Николай Смирнов, тогда очеркист «Известий», позднее писатель и критик, в воспоминаниях о Л. Рейснер, говорит: «Мне, кроме редакции «Известий», не раз приходилось встречаться с Л. М. в квартире В. П. Правдухина и Л. Н. Сейфуллиной, где в 1924 году часто собирались московские писатели. Здесь можно было увидеть и молодого крестьянского поэта, писавшего «гнедые стихи» о башкирских кобылицах, и солидную, похожую на институтскую классную даму Ольгу Форш, читавшую мужским баритоном антологические стихотворения, и цыгански смуглого М. М. Пришвина... а иногда звонкого Виктора Шкловского, самовлюбленно ронявшего свои «бисерные» афоризмы...
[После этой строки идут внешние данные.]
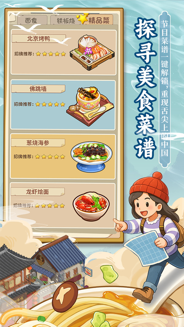 1.真实还原地方美食:游戏内收录了数百种地道的中国地方菜肴,从街头小吃到宫廷御膳,每一道菜都经过精心设计,力求还原其真实风味。
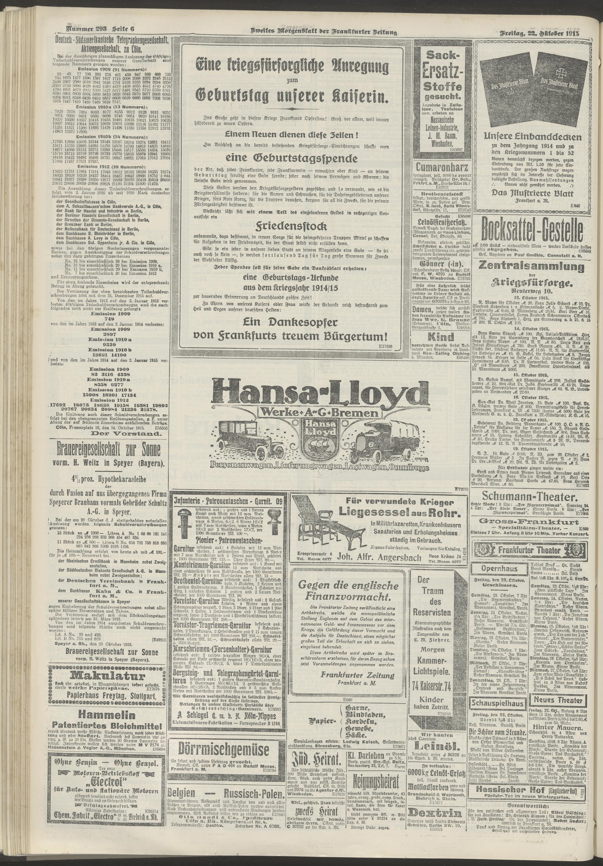 22.10.1915 = Nr. 293. Zweites Morgenblatt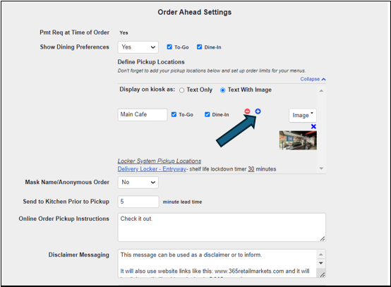 - Select the radio button Text with Image to upload a picture to associate with the pickup location, which will show on the kiosk in Order Ahead mode.
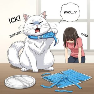 まるで不倶戴天の敵のように、「フーッ!」と威嚇し、電光石火の猫パンチでネッククーラーを叩き落とし、部屋の隅へと逃げてしまった。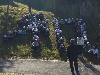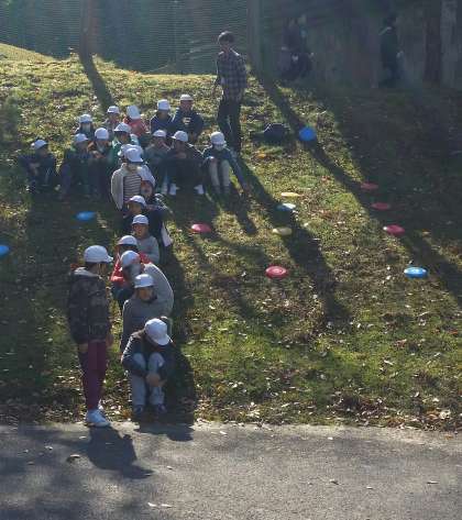 楽しかったフライングディスクゴルフの後は,全員で人文字を作ります!

Ларису Михайловну можно было узнать по звонку — во всяком случае, Л. Н. Сейфуллина различала ее звонок безошибочно.

— Это Лариса, — говорила она, идя открывать дверь.

Лариса Михайловна и здесь, как всегда и везде, не могла сидеть спокойно: с кресла пересаживалась на диван, с дивана — к письменному столу, на котором лежала рукопись «Виринеи», написанная учительски строгим, широким сейфуллинским почерком».

Это была та естественная атмосфера, в которой рождалась и крепла дружба этих женщин, так характерно выразившаяся в письме от 12 января 1926 года.

«Бесценная моя Лариса Михайловна!

Я по-прежнему пламенею к Вам. Не отвечала на письмо, пребывала в состоянии небывалой тягчайшей хандры, навалившейся на меня нежданно. Все объяснилось «материалистически»: дурной обмен веществ. У меня началась сильная одышка, сердцебиенье и головные боли, ужасающая ночная тоска, после которой вставал тягостный день. Попала к умному врачу. Никаких лекарств, но изменить в первую очередь питанье. Есть ежедневно мясо, как питалась я по азиатской склонности к маханине, может разрешить себе только человек тяжелого физического труда. А при моих занятьях, вечном сиденье, невозможно — мясо, мясо и две чайных ложки никотина в день. После всяческих исследований доктор и назначил минеральную воду, определенное питанье, ходьбу, только десять папирос в день и запретил алкоголь. Я послушалась, и сейчас свежа, как «утро мая». Мне опять весело жить, хочу ездить, видеть друзей и врагов, шуметь и двигаться. И предложенье Харькова мне и Валерьяну приехать к ним — как нельзя кстати.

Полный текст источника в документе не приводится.